▶ Problem details
Quote the records exactly, starting at the first line and stopping after the line with "A humorous video"; skip the pictures.

▶ Dataset excerpts

:::

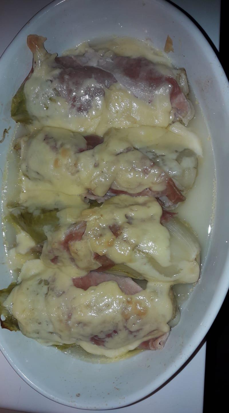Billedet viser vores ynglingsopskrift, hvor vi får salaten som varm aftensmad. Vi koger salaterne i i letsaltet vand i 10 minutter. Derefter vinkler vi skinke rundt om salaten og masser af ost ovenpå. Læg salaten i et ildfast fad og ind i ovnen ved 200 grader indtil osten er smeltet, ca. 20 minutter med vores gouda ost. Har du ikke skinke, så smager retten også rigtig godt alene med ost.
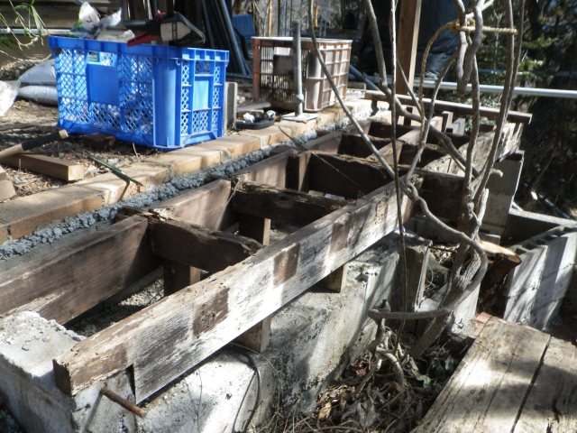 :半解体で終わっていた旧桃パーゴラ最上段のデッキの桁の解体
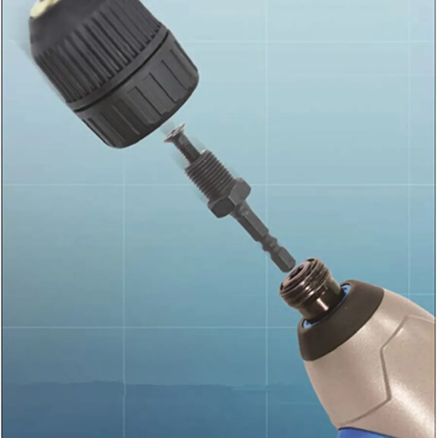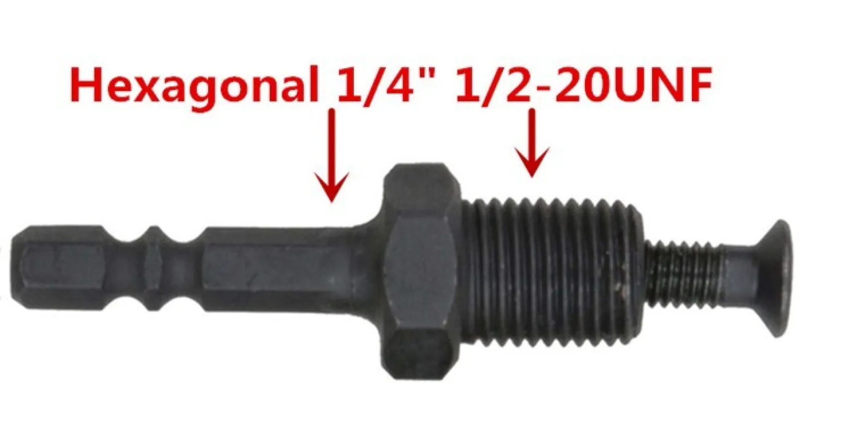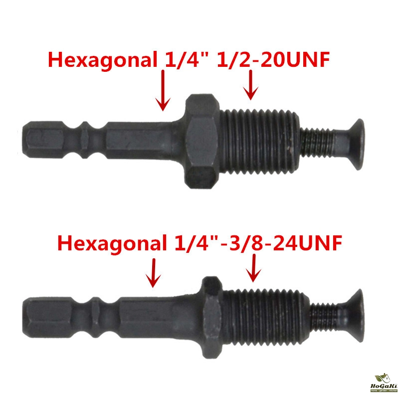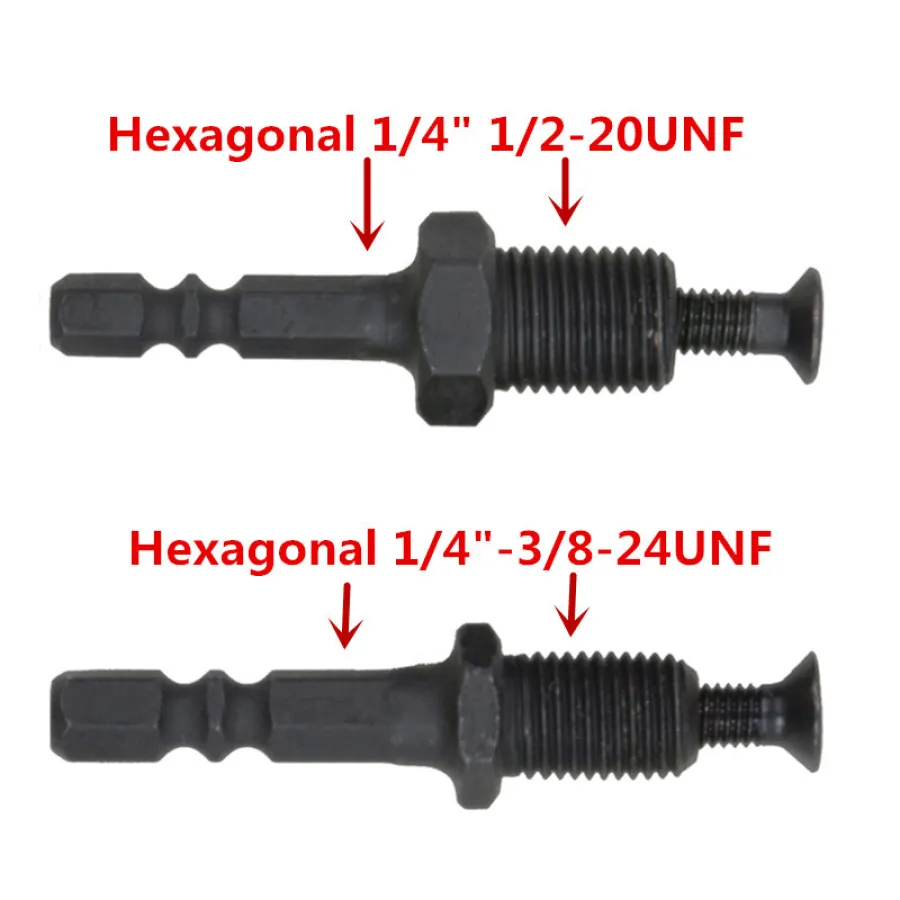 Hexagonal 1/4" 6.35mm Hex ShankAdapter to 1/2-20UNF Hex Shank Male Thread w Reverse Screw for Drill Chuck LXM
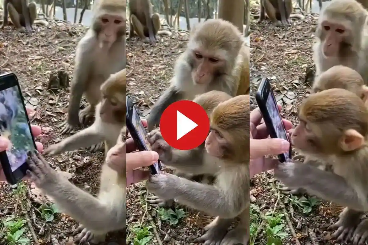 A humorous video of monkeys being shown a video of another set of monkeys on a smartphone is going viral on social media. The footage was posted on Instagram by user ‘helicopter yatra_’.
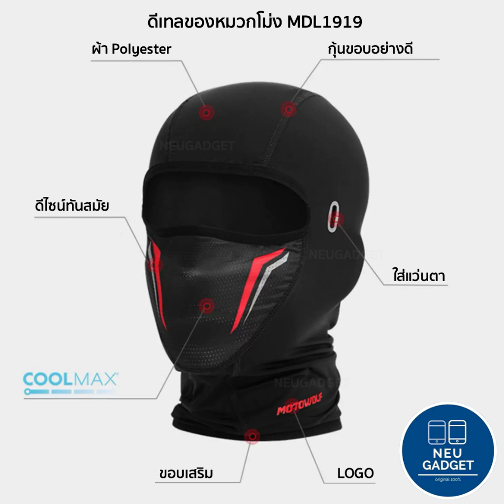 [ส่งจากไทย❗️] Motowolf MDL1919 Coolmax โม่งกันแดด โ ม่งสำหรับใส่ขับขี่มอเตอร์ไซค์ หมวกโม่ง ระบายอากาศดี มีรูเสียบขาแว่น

:::

▶ Result
Billedet viser vores ynglingsopskrift, hvor vi får salaten som varm aftensmad. Vi koger salaterne i i letsaltet vand i 10 minutter. Derefter vinkler vi skinke rundt om salaten og masser af ost ovenpå. Læg salaten i et ildfast fad og ind i ovnen ved 200 grader indtil osten er smeltet, ca. 20 minutter med vores gouda ost. Har du ikke skinke, så smager retten også rigtig godt alene med ost.
 :半解体で終わっていた旧桃パーゴラ最上段のデッキの桁の解体
 Hexagonal 1/4" 6.35mm Hex ShankAdapter to 1/2-20UNF Hex Shank Male Thread w Reverse Screw for Drill Chuck LXM
 A humorous video of monkeys being shown a video of another set of monkeys on a smartphone is going viral on social media. The footage was posted on Instagram by user ‘helicopter yatra_’.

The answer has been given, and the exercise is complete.